А что поделаешь, когда так говорит старшая сестра? Сура отпросилась с фабрики и повела сына в музыкальную школу на Собачьей площадке. Ося так испугался в этой школе, что даже не хотел отбивать ладошкой такт, все рвался к ней — Сура стояла за дверью и слышала, что он просится к ней, а потом сынок утих и жалобно, словно молился, запел под аккомпанемент рояля: «Ни-че-го я не у-ме-ю!» Может быть, потому, что он так надрывно пел, его все же приняли, думала Сура и лишь спустя год узнала, что у сына очень большие способности.

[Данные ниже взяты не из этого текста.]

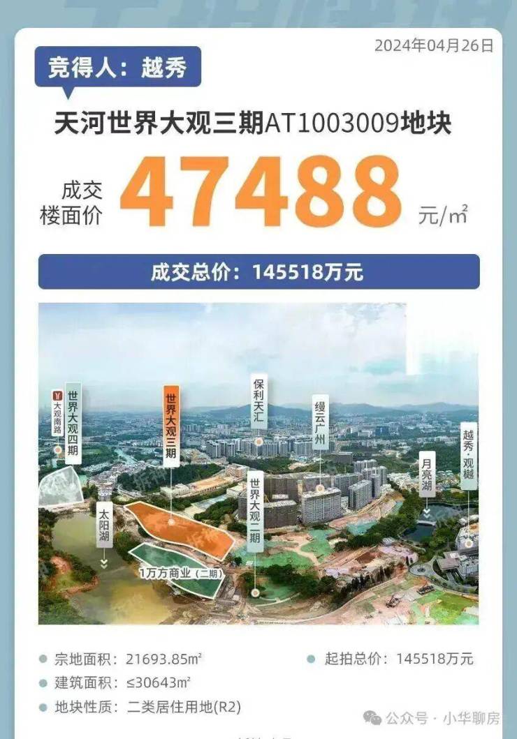2024年4月,越秀地产成功竞得天河世界大观三期地块,折合楼面价为47488元/㎡,实现该板块拿地“梅开三度”,持续深化在天河核心区域的战略布局。

Вот вам и «ничего я не умею»…
— Вечно ты, Мэриам, спешишь, — уже ласково повторила младшая сестра, поднимаясь. Сначала Сура наклонилась вперед, затем широко расставила толстые больные ноги, оперлась о стол и, ойкнув, оторвалась от сиденья. Четыре сестры, собравшиеся у младшей и сидевшие по разным углам большой нарядной комнаты, вскинули головы и посмотрели на нее.